(SOURCE DATA)
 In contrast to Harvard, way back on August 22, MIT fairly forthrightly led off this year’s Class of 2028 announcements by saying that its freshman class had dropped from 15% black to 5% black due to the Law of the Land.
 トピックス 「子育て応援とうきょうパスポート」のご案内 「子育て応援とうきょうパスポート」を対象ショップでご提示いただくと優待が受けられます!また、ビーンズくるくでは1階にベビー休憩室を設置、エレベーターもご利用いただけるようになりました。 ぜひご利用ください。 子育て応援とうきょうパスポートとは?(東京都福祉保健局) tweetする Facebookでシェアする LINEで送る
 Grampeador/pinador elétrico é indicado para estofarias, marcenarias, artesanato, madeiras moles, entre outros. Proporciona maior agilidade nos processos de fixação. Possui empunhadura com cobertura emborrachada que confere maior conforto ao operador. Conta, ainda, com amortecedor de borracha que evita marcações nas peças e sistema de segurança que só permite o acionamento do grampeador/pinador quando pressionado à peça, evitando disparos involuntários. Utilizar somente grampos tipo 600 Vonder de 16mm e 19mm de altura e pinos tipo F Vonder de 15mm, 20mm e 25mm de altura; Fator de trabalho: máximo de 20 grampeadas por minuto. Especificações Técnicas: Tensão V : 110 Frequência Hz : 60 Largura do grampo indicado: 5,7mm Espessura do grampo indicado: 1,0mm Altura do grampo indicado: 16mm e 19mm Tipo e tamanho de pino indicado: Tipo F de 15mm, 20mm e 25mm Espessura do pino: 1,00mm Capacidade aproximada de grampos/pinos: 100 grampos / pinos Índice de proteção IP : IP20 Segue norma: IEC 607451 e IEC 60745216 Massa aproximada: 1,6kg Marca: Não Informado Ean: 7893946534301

* * *

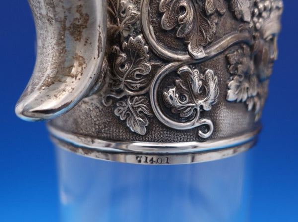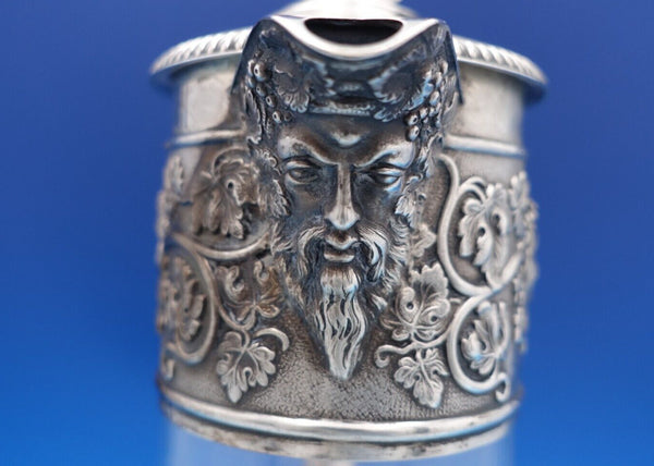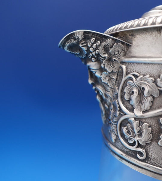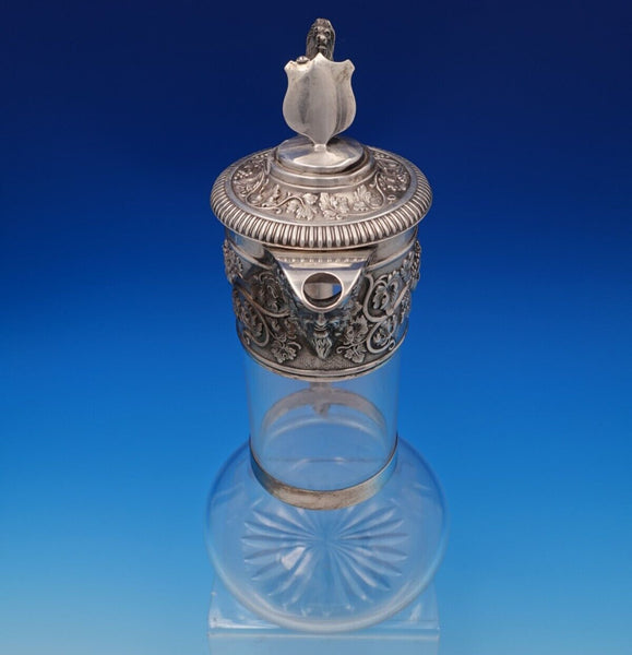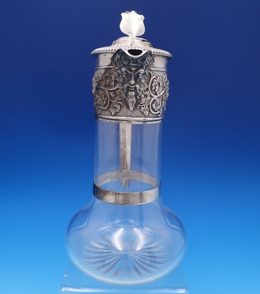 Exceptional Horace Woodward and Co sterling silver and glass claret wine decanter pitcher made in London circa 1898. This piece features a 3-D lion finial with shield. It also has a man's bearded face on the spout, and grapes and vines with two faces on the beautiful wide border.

(EXERCISE PROMPT) Please write out, exactly as they appear above, only the lines in the stretch from the line with "In contrast to" through the line with "Grampeador/pinador elétrico é".

(TASK RESULT)
 In contrast to Harvard, way back on August 22, MIT fairly forthrightly led off this year’s Class of 2028 announcements by saying that its freshman class had dropped from 15% black to 5% black due to the Law of the Land.
 トピックス 「子育て応援とうきょうパスポート」のご案内 「子育て応援とうきょうパスポート」を対象ショップでご提示いただくと優待が受けられます!また、ビーンズくるくでは1階にベビー休憩室を設置、エレベーターもご利用いただけるようになりました。 ぜひご利用ください。 子育て応援とうきょうパスポートとは?(東京都福祉保健局) tweetする Facebookでシェアする LINEで送る
 Grampeador/pinador elétrico é indicado para estofarias, marcenarias, artesanato, madeiras moles, entre outros. Proporciona maior agilidade nos processos de fixação. Possui empunhadura com cobertura emborrachada que confere maior conforto ao operador. Conta, ainda, com amortecedor de borracha que evita marcações nas peças e sistema de segurança que só permite o acionamento do grampeador/pinador quando pressionado à peça, evitando disparos involuntários. Utilizar somente grampos tipo 600 Vonder de 16mm e 19mm de altura e pinos tipo F Vonder de 15mm, 20mm e 25mm de altura; Fator de trabalho: máximo de 20 grampeadas por minuto. Especificações Técnicas: Tensão V : 110 Frequência Hz : 60 Largura do grampo indicado: 5,7mm Espessura do grampo indicado: 1,0mm Altura do grampo indicado: 16mm e 19mm Tipo e tamanho de pino indicado: Tipo F de 15mm, 20mm e 25mm Espessura do pino: 1,00mm Capacidade aproximada de grampos/pinos: 100 grampos / pinos Índice de proteção IP : IP20 Segue norma: IEC 607451 e IEC 60745216 Massa aproximada: 1,6kg Marca: Não Informado Ean: 7893946534301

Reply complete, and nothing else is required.